Problem statement: Though the entries contain pictures, the copy you make should hold only the rest, exactly as written.

═══ Available data

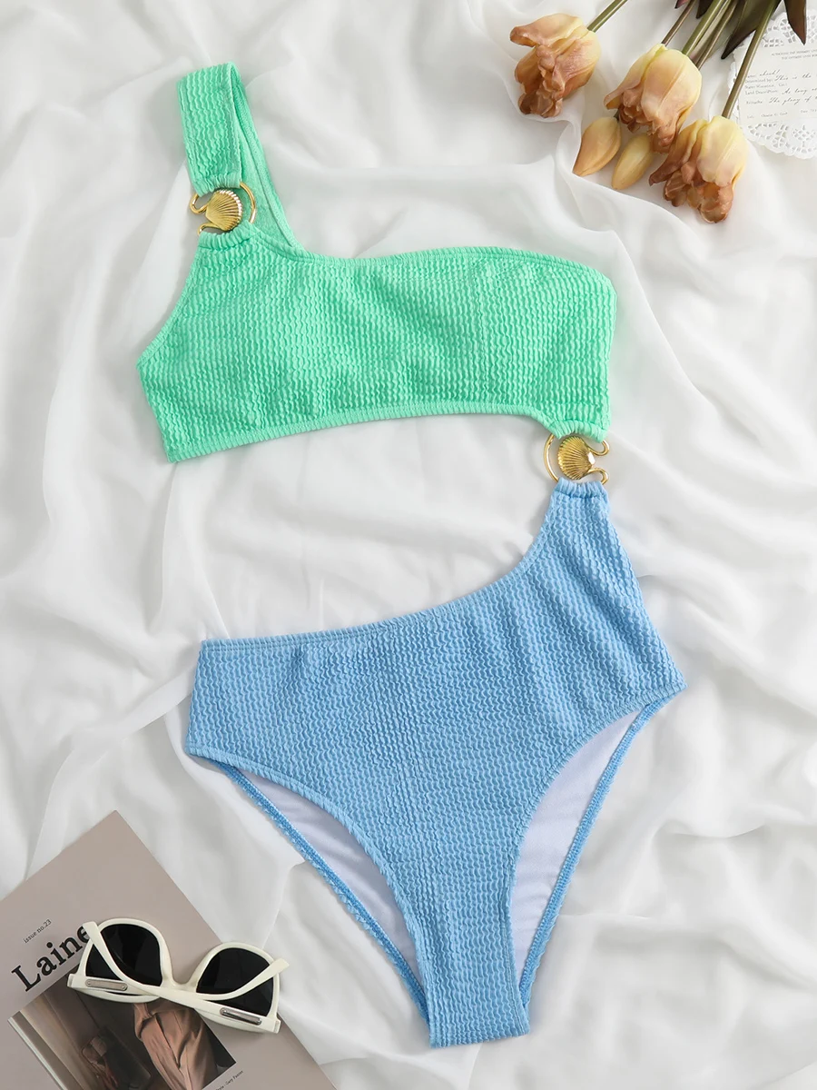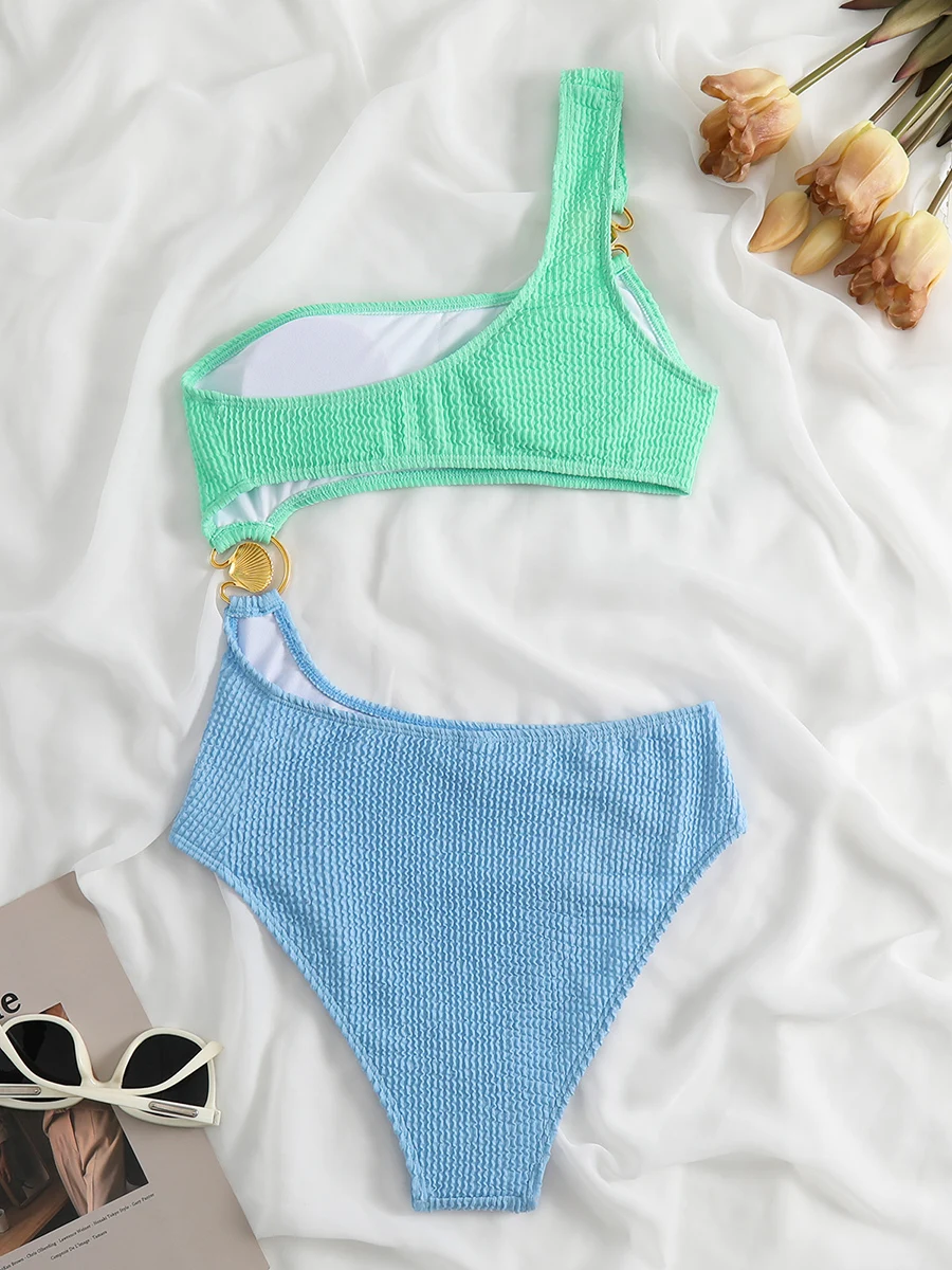 2023 OEM Shell Jewelry One Shoulder Swimsuit Women Sexy One Piece Swimwear Beachwear Female Padded Bathing Suit
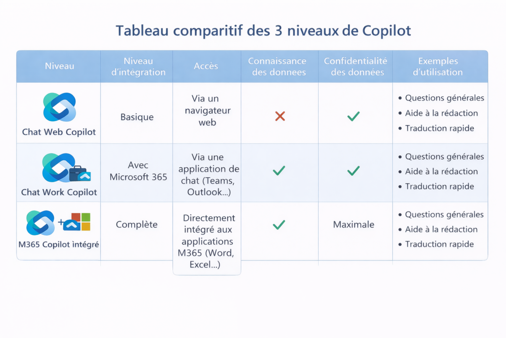 - Il existe plusieurs niveaux de Copilot : Copilot Chat gratuit (web uniquement), Copilot Chat avec licence (accès aux données M365), et Copilot intégré dans les applications (Word, Excel, etc.).
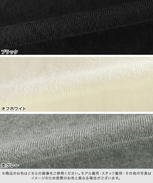 また、ニット製品は生産の過程上「生地を織る際の糸の継ぎ目」繊維の「混紡」、プレス加工、製品洗い加工によって形やサイズ(5cm前後)に誤差が生じる場合がございますが品質上の問題はございません。
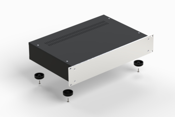 Serie di moderni contenitori da rack 19 pollici con finiture molto accurate. Pannello frontale in alluminio anodizzato di colore argento, coperchio e laterali in acciaio di colore nero. Fori superiori di aerazione. Pannelli rimovibili facilmente. ACCESSORI: Base interna zincata 175x435 mm. (Mod. LEVEL) – Maniglia piatta in alluminio anodizzato colore argento o di colore nero (Mod. FLAT RACK) – Maniglia tonda in acciaio plastificato di colore nero (Mod. ROUND RACK).
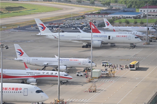 圖說:今日上午,東航接收的兩架C919客機(jī)在虹橋機(jī)場(chǎng)停機(jī)坪上,準(zhǔn)備執(zhí)行滬蓉航線。圖/張弘歷
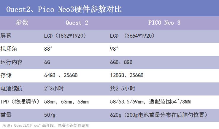 先看硬件参数,以Oculus Quest 2和Pico Neo 3为例:
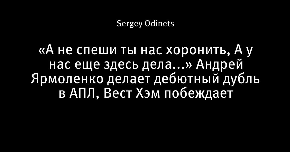 «А не спеши ты нас хоронить, А у нас еще здесь дела...» Андрей Ярмоленко делает дебютный дубль в АПЛ, Вест Хэм побеждает
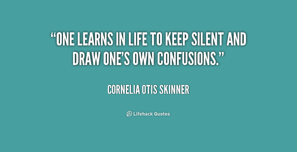 One learns in life to keep silent and draw one's own confusions.
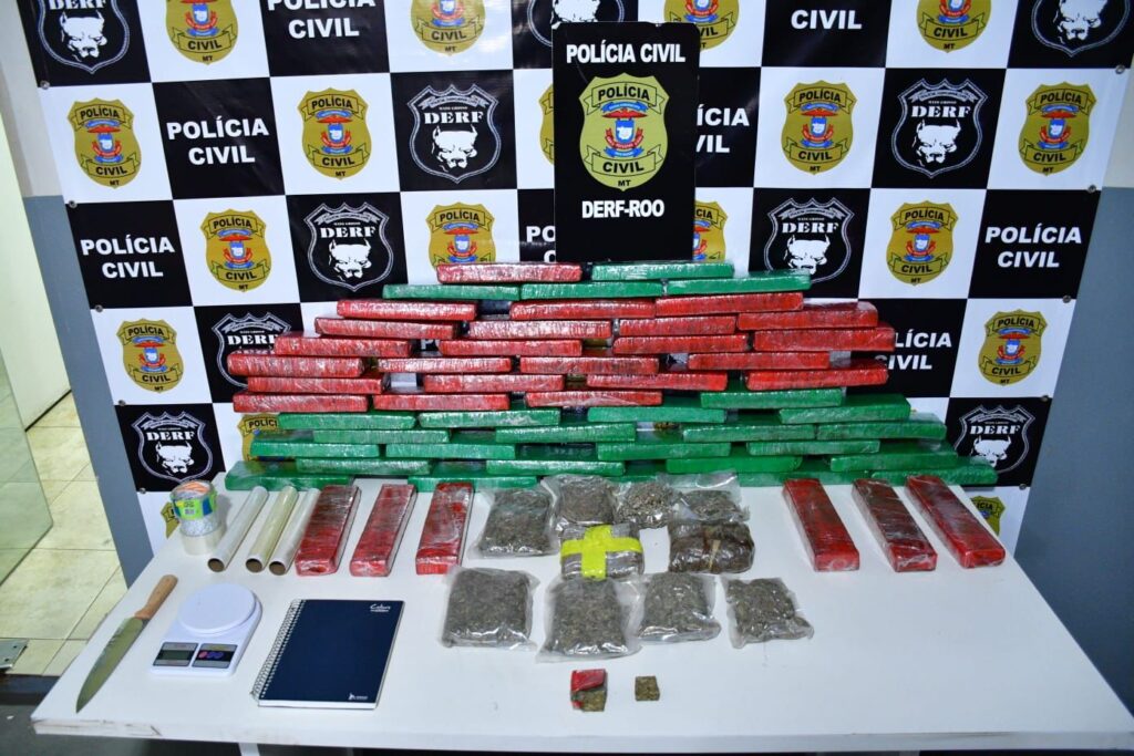 A Delegacia Especializada de Roubos e Furtos de Rondonópolis apreendeu na manhã desta segunda-feira (01.05), 55 tabletes de maconha e pacotes de skunk, conhecida como ‘supermaconha’. Uma pessoa foi presa em flagrante com o entorpecente e dezenas de materiais usados para embalar e pesar a droga.
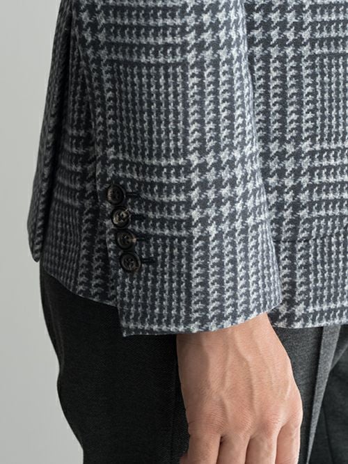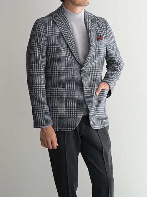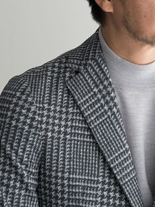 カットソーやニットの上に気軽に羽織れるグレンチェック柄ジャケット。もちろんタイドアップも可能な、オンオフ活躍する万能アイテムです。
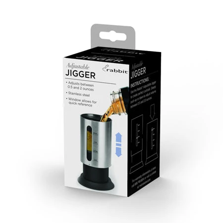 The Rabbit Adjustable Jigger is constructed of durable stainless steel. The jigger adjusts between 0.5 and 2.0 ounces for a wide range of measurements. The clear window allows for a quick reference to ensure accuracy.
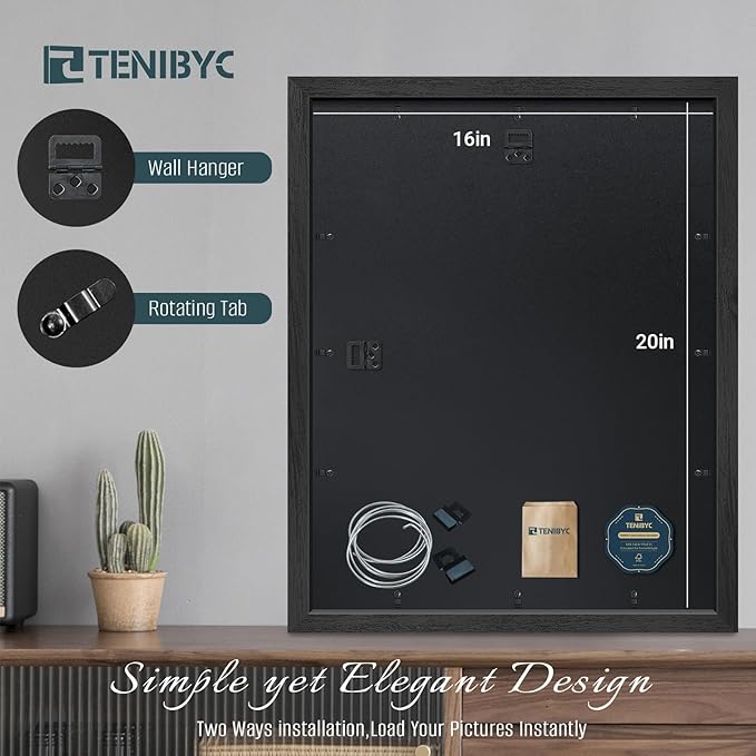 - Gallery - Grade Exclusive Wood Frame: Bask in the allure of TENIBYC's black 16x20 frame, where the subtleties of the wood grain come to life in fine detail. Let your art speak volumes, framed in unparalleled sophistication
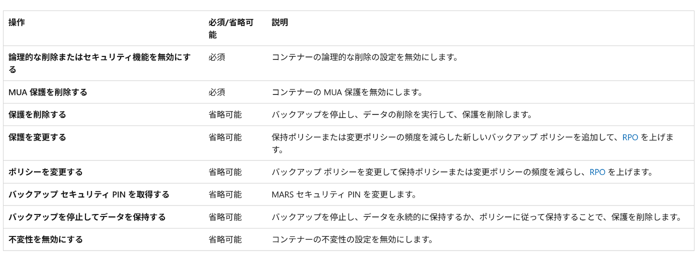 そのため、Azure Backup のランサムウェア対策としては、ポータル上からの操作を制限することが有効であり、不変コンテナーを有効にし、バックアップ データの削除や保持期間の短縮を行わせないようにすることは、ランサムウェア対策として有用です。
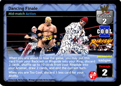 When you are about to lose the game, you may put this card from your Backlash or Ringside into your Ring, discard 2 cards, shuffle up to 10 cards from your Ringside into your Arsenal, draw 2 cards, and end the current turn. When you are Too Cool, discard 1 less card for your Ability.
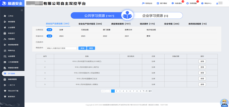 平台配置法律法规、技术规范、典型事故案例、安全专题、培训课件等多个维度学习资料,并定期更新。企业可根据需要自主下载,也可上传本单位学习资料,提高安全管理专业知识与技能水平。
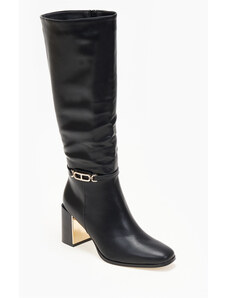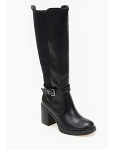 Issue Μπότες με χοντρό τακούνι και διακοσμήτικο ζωνάκι - Μαύρο - 032011
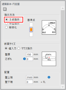 円弧壁を配置する基準位置をクリックして選択します。 [指示方法]で[3点指示][半径指示]を選択した場合に設定できます。 |
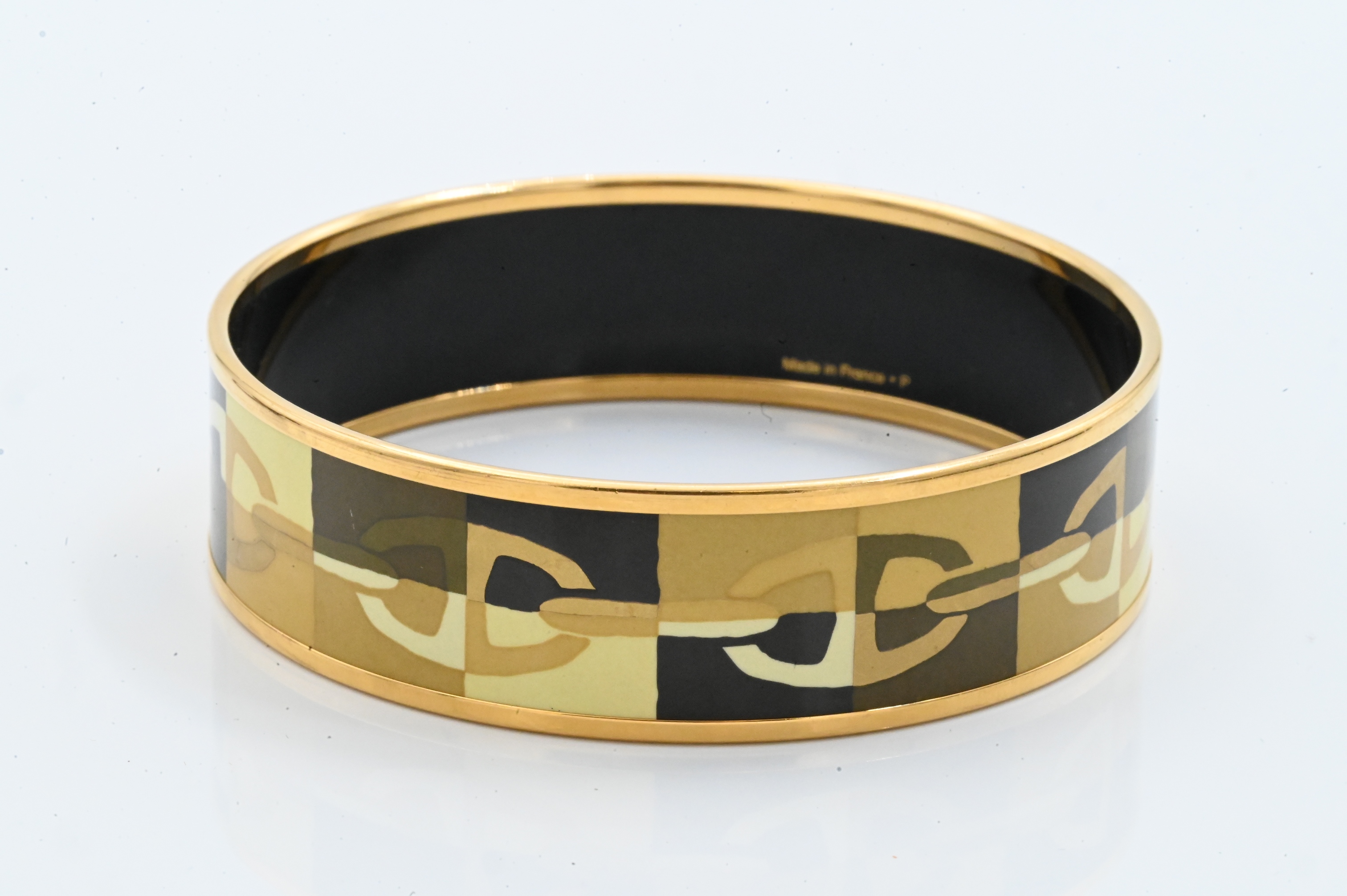 Stylish Hermès Paris bangle featuring a gold and brown chain-link equestrian motif on enamel, bordered by gilt metal rims. Marked Hermès Paris, Made in France. Includes original Hermès pouch.

══════

Finished task:
 2023 OEM Shell Jewelry One Shoulder Swimsuit Women Sexy One Piece Swimwear Beachwear Female Padded Bathing Suit
 - Il existe plusieurs niveaux de Copilot : Copilot Chat gratuit (web uniquement), Copilot Chat avec licence (accès aux données M365), et Copilot intégré dans les applications (Word, Excel, etc.).
 また、ニット製品は生産の過程上「生地を織る際の糸の継ぎ目」繊維の「混紡」、プレス加工、製品洗い加工によって形やサイズ(5cm前後)に誤差が生じる場合がございますが品質上の問題はございません。
 Serie di moderni contenitori da rack 19 pollici con finiture molto accurate. Pannello frontale in alluminio anodizzato di colore argento, coperchio e laterali in acciaio di colore nero. Fori superiori di aerazione. Pannelli rimovibili facilmente. ACCESSORI: Base interna zincata 175x435 mm. (Mod. LEVEL) – Maniglia piatta in alluminio anodizzato colore argento o di colore nero (Mod. FLAT RACK) – Maniglia tonda in acciaio plastificato di colore nero (Mod. ROUND RACK).
 圖說:今日上午,東航接收的兩架C919客機(jī)在虹橋機(jī)場(chǎng)停機(jī)坪上,準(zhǔn)備執(zhí)行滬蓉航線。圖/張弘歷
 先看硬件参数,以Oculus Quest 2和Pico Neo 3为例:
 «А не спеши ты нас хоронить, А у нас еще здесь дела...» Андрей Ярмоленко делает дебютный дубль в АПЛ, Вест Хэм побеждает
 One learns in life to keep silent and draw one's own confusions.
 A Delegacia Especializada de Roubos e Furtos de Rondonópolis apreendeu na manhã desta segunda-feira (01.05), 55 tabletes de maconha e pacotes de skunk, conhecida como ‘supermaconha’. Uma pessoa foi presa em flagrante com o entorpecente e dezenas de materiais usados para embalar e pesar a droga.
 カットソーやニットの上に気軽に羽織れるグレンチェック柄ジャケット。もちろんタイドアップも可能な、オンオフ活躍する万能アイテムです。
 The Rabbit Adjustable Jigger is constructed of durable stainless steel. The jigger adjusts between 0.5 and 2.0 ounces for a wide range of measurements. The clear window allows for a quick reference to ensure accuracy.
 - Gallery - Grade Exclusive Wood Frame: Bask in the allure of TENIBYC's black 16x20 frame, where the subtleties of the wood grain come to life in fine detail. Let your art speak volumes, framed in unparalleled sophistication
 そのため、Azure Backup のランサムウェア対策としては、ポータル上からの操作を制限することが有効であり、不変コンテナーを有効にし、バックアップ データの削除や保持期間の短縮を行わせないようにすることは、ランサムウェア対策として有用です。
 When you are about to lose the game, you may put this card from your Backlash or Ringside into your Ring, discard 2 cards, shuffle up to 10 cards from your Ringside into your Arsenal, draw 2 cards, and end the current turn. When you are Too Cool, discard 1 less card for your Ability.
 平台配置法律法规、技术规范、典型事故案例、安全专题、培训课件等多个维度学习资料,并定期更新。企业可根据需要自主下载,也可上传本单位学习资料,提高安全管理专业知识与技能水平。
 Issue Μπότες με χοντρό τακούνι και διακοσμήτικο ζωνάκι - Μαύρο - 032011
 円弧壁を配置する基準位置をクリックして選択します。 [指示方法]で[3点指示][半径指示]を選択した場合に設定できます。 |
 Stylish Hermès Paris bangle featuring a gold and brown chain-link equestrian motif on enamel, bordered by gilt metal rims. Marked Hermès Paris, Made in France. Includes original Hermès pouch.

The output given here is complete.